Abstract:
Objective To describe and analyze the trend of stroke mortality in residents in death cause surveillance areas in Hebei province, and provide references for stroke prevention and control.
Methods This study collected the mortality data of stroke (ICD-10 code: I60–I64) from 2014 to 2020 in residents in death cause surveillance areas in Hebei province. Excel and SPSS 22.0 were used to calculate the mortality rate, standardized mortality rate, age-specific mortality rate and type specific mortality rate of stroke. The mortality rates between groups were compared with χ2 test, and percentage of annual change (APC) was used to analyze the trend of stroke mortality in the residents.

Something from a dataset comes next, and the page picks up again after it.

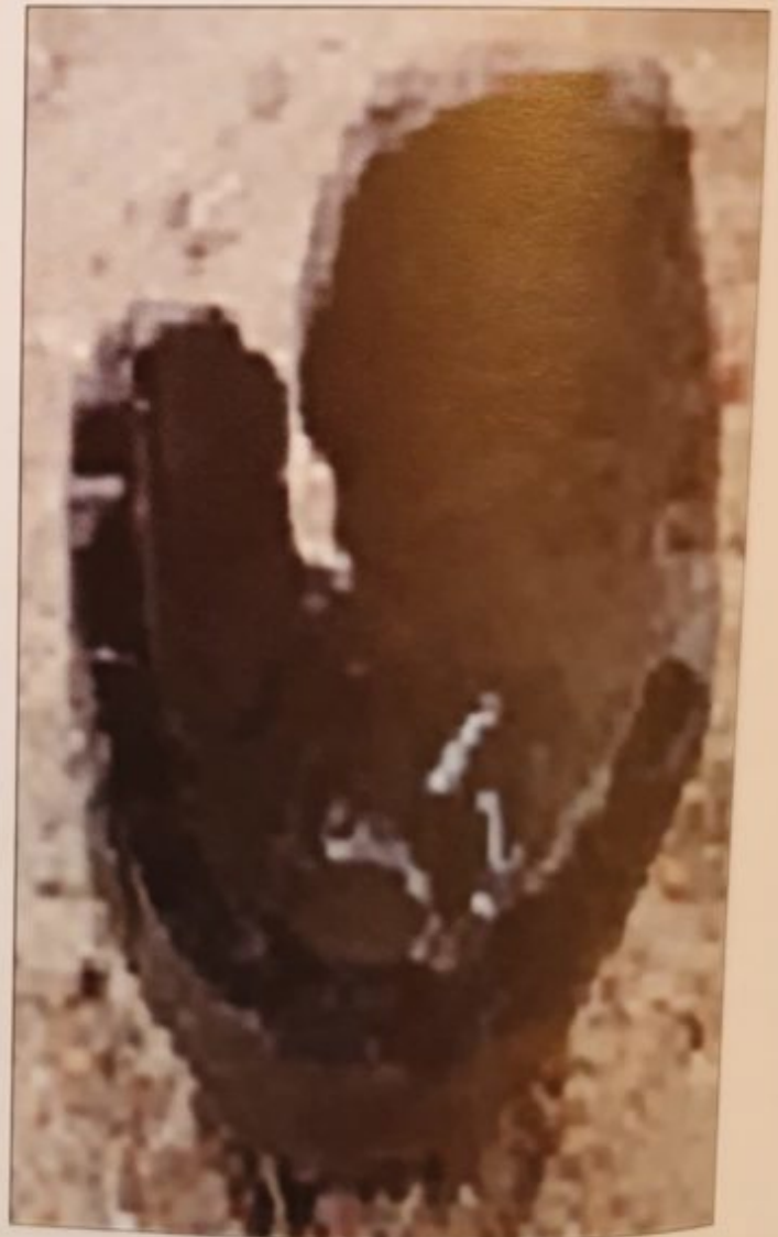
Amphora Jars with tapering bases belonging to the Greco-Roman wine trade 300 BCE-300 CE.

Results From 2014 to 2020, the average annual mortality rate of stroke in residents in death cause surveillance areas in Hebei was 122.82/100 000 (the standardized mortality rate: 107.78/100 000), the average annual mortality rate was 137.83/100 000 in men (the standardized mortality rate: 121.94/100 000) and 107.26/100 000 in women (the standardized mortality rate: 93.72/100 000). The mortality rate was higher in men than in women, the difference was significant (P<0.001). The mortality rate and standardized mortality rate of stroke all showed decreasing trends over time, and the differences were significant (APC=−1.00%, P=0.015; APC=−5.90%, P<0.001). From 2014 to 2020, the mortality of stroke in residents aged 45-64, 65-84 and ≥85 years all showed downward trends, and the differences were significant (APC=−3.90%, P=0.008; APC=−9.10%, P<0.001; APC=−4.10%, P=0.004). Hemorrhagic stroke was the main type causing death, and the mortality rate and standardized mortality rate of hemorrhagic stroke all showed downward trends with time, the differences were significant (APC=−1.90%, P=0.004; APC=−6.40%, P<0.001).
Conclusion The mortality rate of stroke in residents in death cause surveillance areas in Hebei showed a decreasing trend. It is necessary to strengthen the screening and surveillance in men and in the elderly aged over 65 years to reduce the mortality rate of stroke.